Jonas Magni Wexionensis (11 March 1583 - 3 April 1651) was a Swedish prelate who was a professor and head of Uppsala University and served as Bishop of Skara from 1640 till 1651.

==Early life==
Jonas Magni was born on 11 March 1583 in Växjö, Sweden. He added the name Wexionensis in honor of his birthplace. His father was Magnus Petri who was vicar in Växjö. His mother was Ingerd Jönsdotter and had a total of eleven children, all males who became church leaders. He was educated in Växjö and Linköping and later studied at Uppsala University. After the death of his father from the plague, he left for Germany where he remained for ten years. He studied for a master's degree in Wittenberg in 1610, which studied where partly financed through a royal scholarship. Upon his return to Sweden in 1614, Wexionensis was appointed ethics professor in Uppsala University.

==Professor in Uppsala==
As a professor of ethics, Jonas Magni Wexionensis was in conflict with those who defended Ramism, including Laurentius Paulinus Gothus who was backed by the chancellor of the university Johan Skytte. In 1620, Jonas Magni's ethics professorship was changed into the professorship in history, a consequence of the importance he gave to Aristotle, above that of Petrus Ramus.

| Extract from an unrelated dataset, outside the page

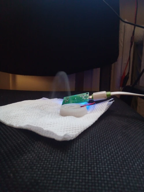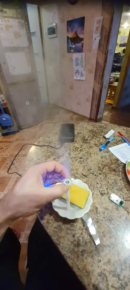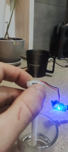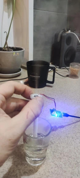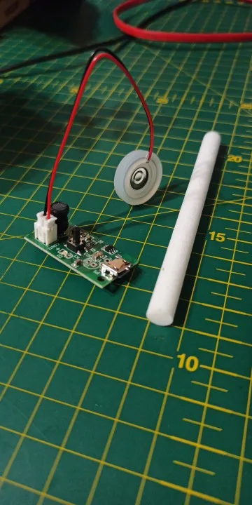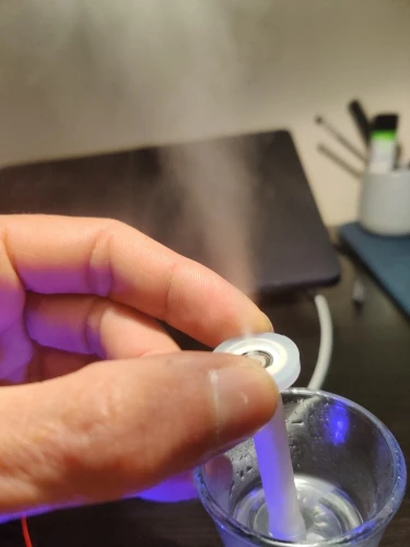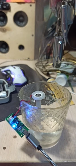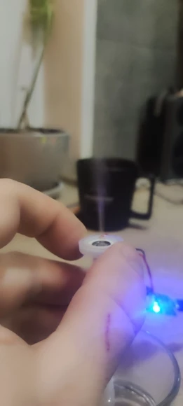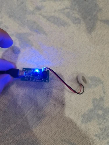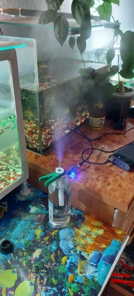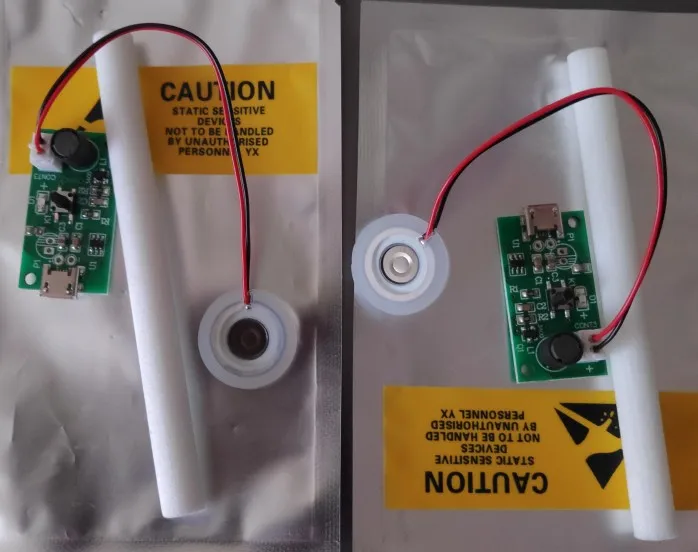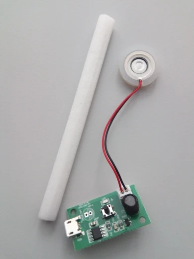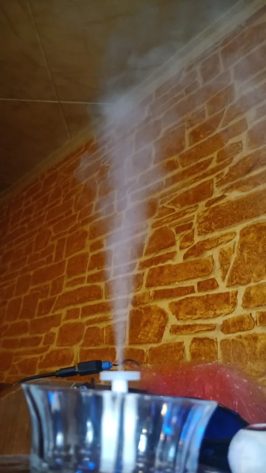 Работает!!! Очуметь! От зарядки телефона с микроUSB вода только фонтаном разлетается, для тумана надо дозировать строго, чтобы слой воды на излучателе был стабильным. А так зверь!

However, in the 1620s, Johan Skytte's philosophical views concerning Aristotle shifted and consequently, he appointed Jonas Magni as the professor of theology in 1624, a post he undertook two years after the appointment.

==Bishop==
During his time at the university, he served as head for three times. He was nominated as Archbishop of Uppsala in 1636 but Axel Oxenstierna, the Lord High Chancellor of Sweden, did not view him as having the necessary authority to be Archbishop. Nevertheless, in 1640 he was appointed Bishop of Skara. He was consecrated in Stockholm on 13 January 1641 by Archbishop Laurentius Paulinus Gothus and was commissioned to commence his episcopacy in Skara on 3 March. In 1641 he founded the Katedralskolan, Skara, which was also approved by Queen Christina on 31 August that year. In 1647 he was once more nominated for the Archbishopric of Uppsala, however he received 39 votes and was defeated by Johannes Canuti Lenaeus whom he then consecrated.

==Family==
Jonas Magni Wexionensis was married to Sigrid Johansdotter Bubb and had seven children.